DATA SUPPLIED
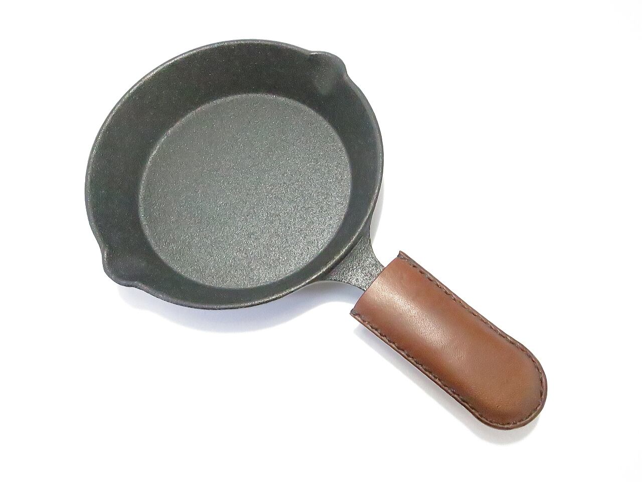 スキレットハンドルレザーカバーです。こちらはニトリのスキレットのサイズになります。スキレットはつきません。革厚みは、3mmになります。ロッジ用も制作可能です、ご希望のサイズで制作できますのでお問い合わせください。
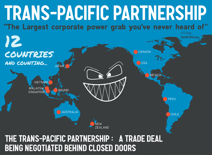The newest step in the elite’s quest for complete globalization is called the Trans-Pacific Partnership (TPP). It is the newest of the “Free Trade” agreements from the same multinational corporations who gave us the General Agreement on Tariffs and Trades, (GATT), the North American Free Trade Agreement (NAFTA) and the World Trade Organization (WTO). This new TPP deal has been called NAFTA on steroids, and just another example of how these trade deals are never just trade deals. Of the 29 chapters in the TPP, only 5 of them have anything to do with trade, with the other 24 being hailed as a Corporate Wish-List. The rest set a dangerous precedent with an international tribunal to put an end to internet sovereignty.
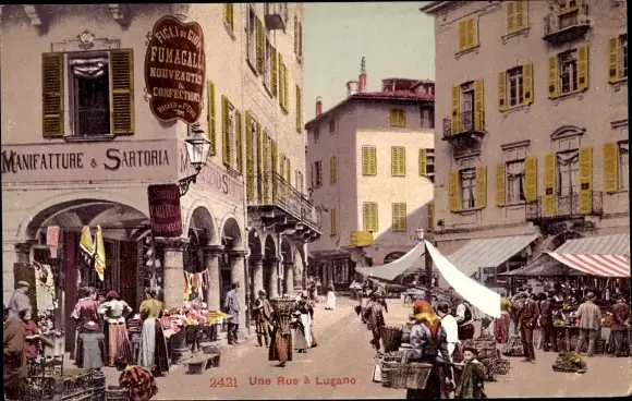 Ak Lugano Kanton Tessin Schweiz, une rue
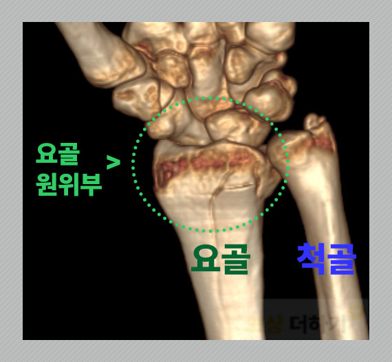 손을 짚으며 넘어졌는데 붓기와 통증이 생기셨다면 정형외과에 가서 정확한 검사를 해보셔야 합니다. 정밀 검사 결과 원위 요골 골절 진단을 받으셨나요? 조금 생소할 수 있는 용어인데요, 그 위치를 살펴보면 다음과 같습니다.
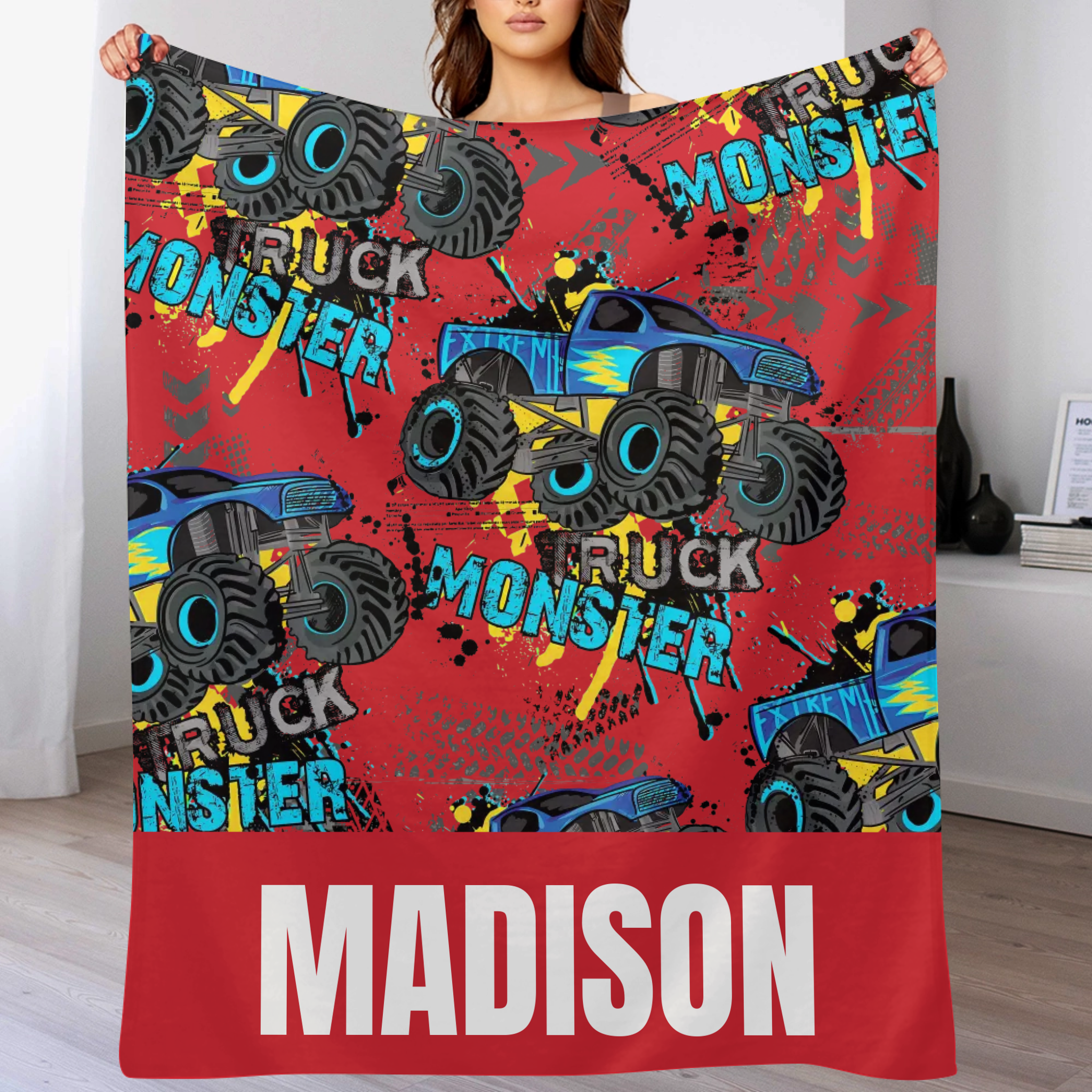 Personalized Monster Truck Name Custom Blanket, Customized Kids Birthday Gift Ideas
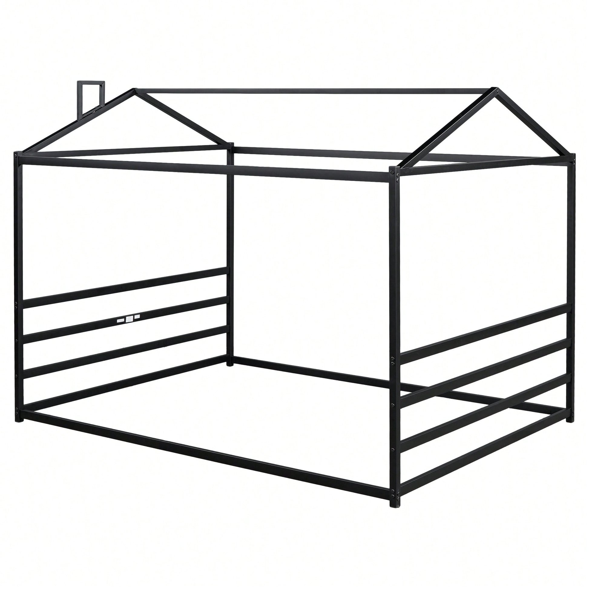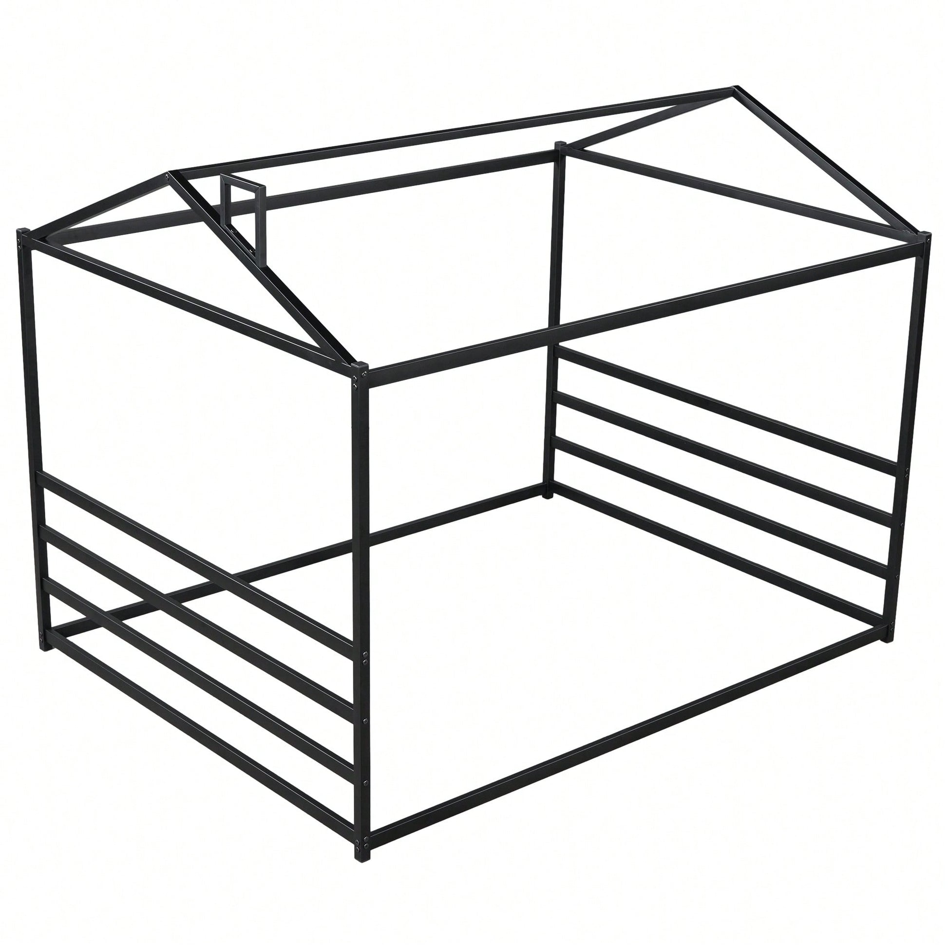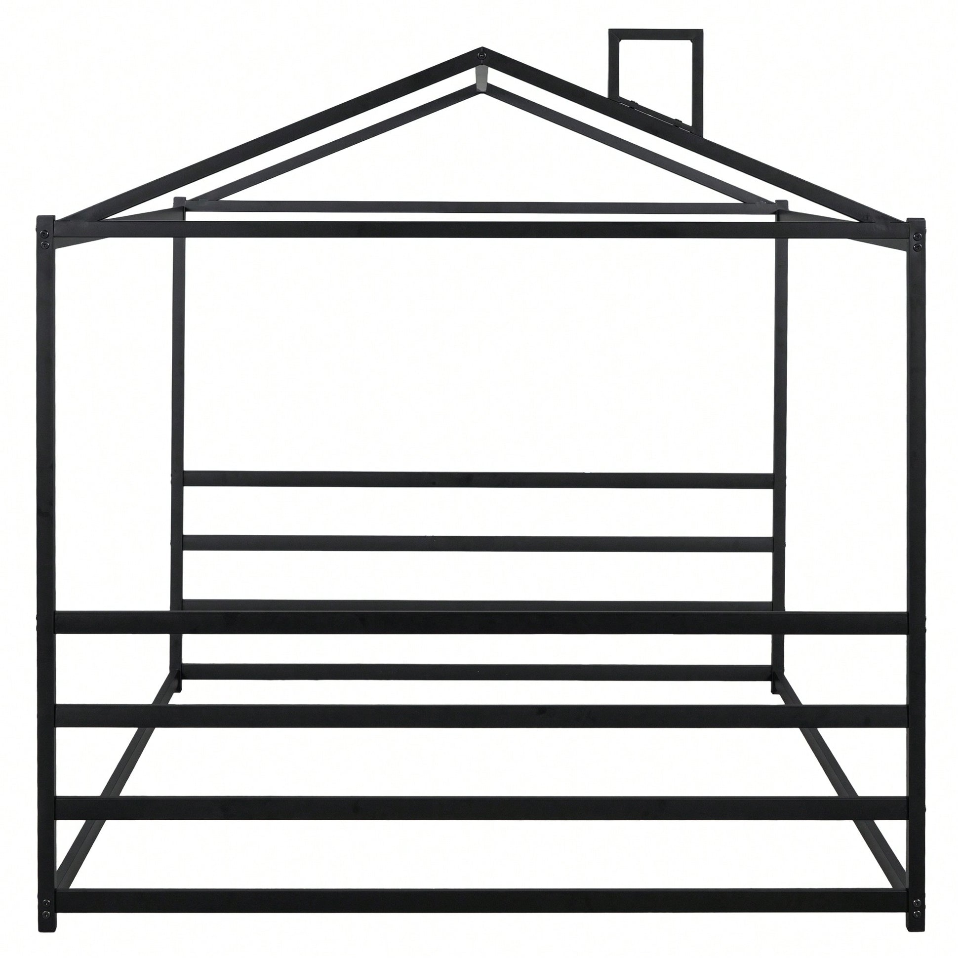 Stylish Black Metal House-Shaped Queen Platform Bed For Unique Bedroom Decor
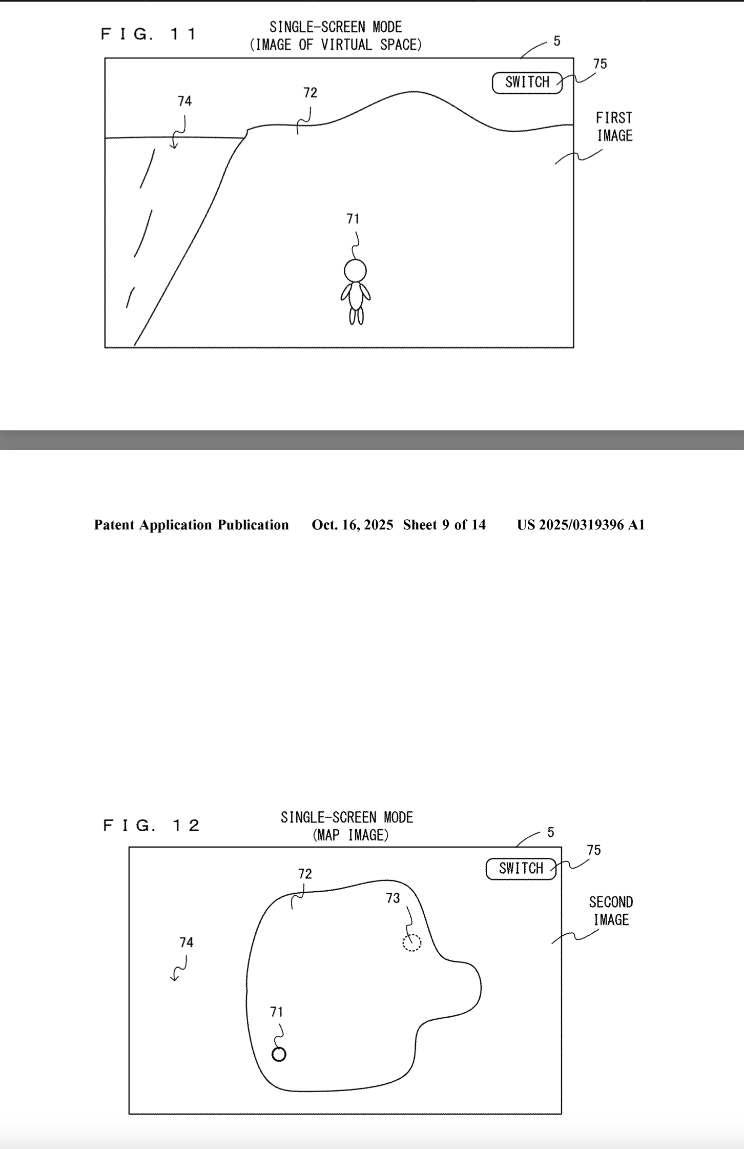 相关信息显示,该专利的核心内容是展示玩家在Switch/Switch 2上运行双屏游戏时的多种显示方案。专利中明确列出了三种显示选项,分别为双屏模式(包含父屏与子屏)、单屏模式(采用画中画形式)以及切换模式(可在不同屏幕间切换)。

EXERCISE BRIEF
Output exactly the lines above, beginning at the one with "Ak Lugano Kanton Tessin Schweiz, une rue" and stopping after the one with "Personalized Monster Truck". Pictures are to be omitted.

EXPECTED ANSWER
 Ak Lugano Kanton Tessin Schweiz, une rue
 손을 짚으며 넘어졌는데 붓기와 통증이 생기셨다면 정형외과에 가서 정확한 검사를 해보셔야 합니다. 정밀 검사 결과 원위 요골 골절 진단을 받으셨나요? 조금 생소할 수 있는 용어인데요, 그 위치를 살펴보면 다음과 같습니다.
 Personalized Monster Truck Name Custom Blanket, Customized Kids Birthday Gift Ideas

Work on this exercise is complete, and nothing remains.